→ Exercise instructions: In the data that follows, determine how many lines contain the word "Pitüiteri", and give only that number.

→ Available records:
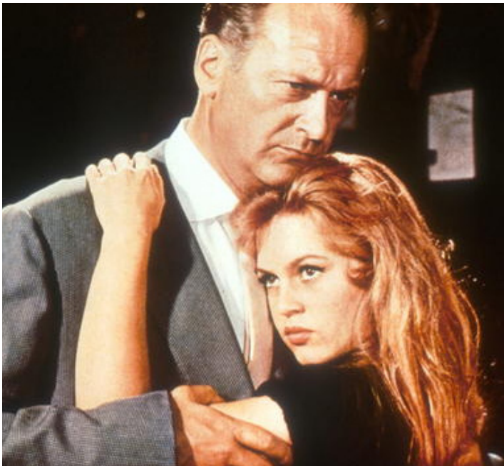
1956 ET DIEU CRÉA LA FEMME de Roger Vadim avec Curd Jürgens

* * *

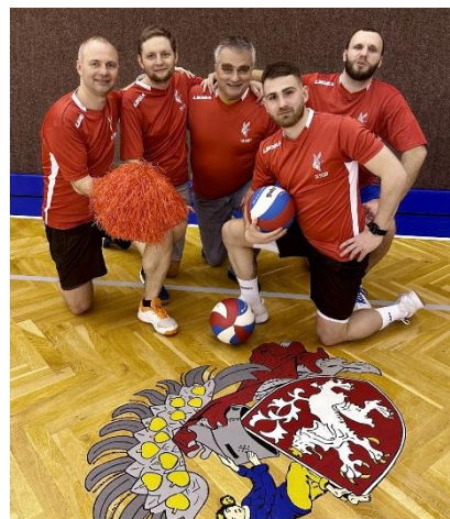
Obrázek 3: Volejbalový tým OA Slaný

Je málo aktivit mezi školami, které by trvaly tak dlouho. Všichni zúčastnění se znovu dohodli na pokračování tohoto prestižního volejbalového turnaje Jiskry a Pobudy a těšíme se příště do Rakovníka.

--

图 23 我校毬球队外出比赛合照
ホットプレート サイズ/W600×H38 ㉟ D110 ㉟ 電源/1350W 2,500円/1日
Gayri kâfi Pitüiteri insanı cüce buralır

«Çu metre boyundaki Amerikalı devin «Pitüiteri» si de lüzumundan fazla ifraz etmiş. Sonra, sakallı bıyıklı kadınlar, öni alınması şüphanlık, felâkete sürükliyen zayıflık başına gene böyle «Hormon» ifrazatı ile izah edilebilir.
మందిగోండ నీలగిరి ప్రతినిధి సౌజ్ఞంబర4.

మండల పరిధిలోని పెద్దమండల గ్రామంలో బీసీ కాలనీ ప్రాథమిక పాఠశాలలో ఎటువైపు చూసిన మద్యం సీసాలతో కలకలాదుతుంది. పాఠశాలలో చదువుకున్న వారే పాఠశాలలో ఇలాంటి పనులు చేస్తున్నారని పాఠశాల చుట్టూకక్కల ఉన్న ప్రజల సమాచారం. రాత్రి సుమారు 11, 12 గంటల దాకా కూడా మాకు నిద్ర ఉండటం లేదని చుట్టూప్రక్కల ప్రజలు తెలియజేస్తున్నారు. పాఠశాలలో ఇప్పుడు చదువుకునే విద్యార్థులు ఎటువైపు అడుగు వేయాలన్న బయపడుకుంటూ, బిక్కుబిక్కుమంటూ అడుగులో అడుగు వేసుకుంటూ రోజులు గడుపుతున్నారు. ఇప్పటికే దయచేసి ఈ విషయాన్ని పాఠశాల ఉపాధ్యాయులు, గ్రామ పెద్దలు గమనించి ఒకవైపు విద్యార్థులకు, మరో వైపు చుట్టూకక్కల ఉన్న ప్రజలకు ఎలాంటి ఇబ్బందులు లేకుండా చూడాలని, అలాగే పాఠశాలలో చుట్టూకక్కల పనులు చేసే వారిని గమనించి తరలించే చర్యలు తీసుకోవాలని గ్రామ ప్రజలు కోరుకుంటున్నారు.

→ Task output: 2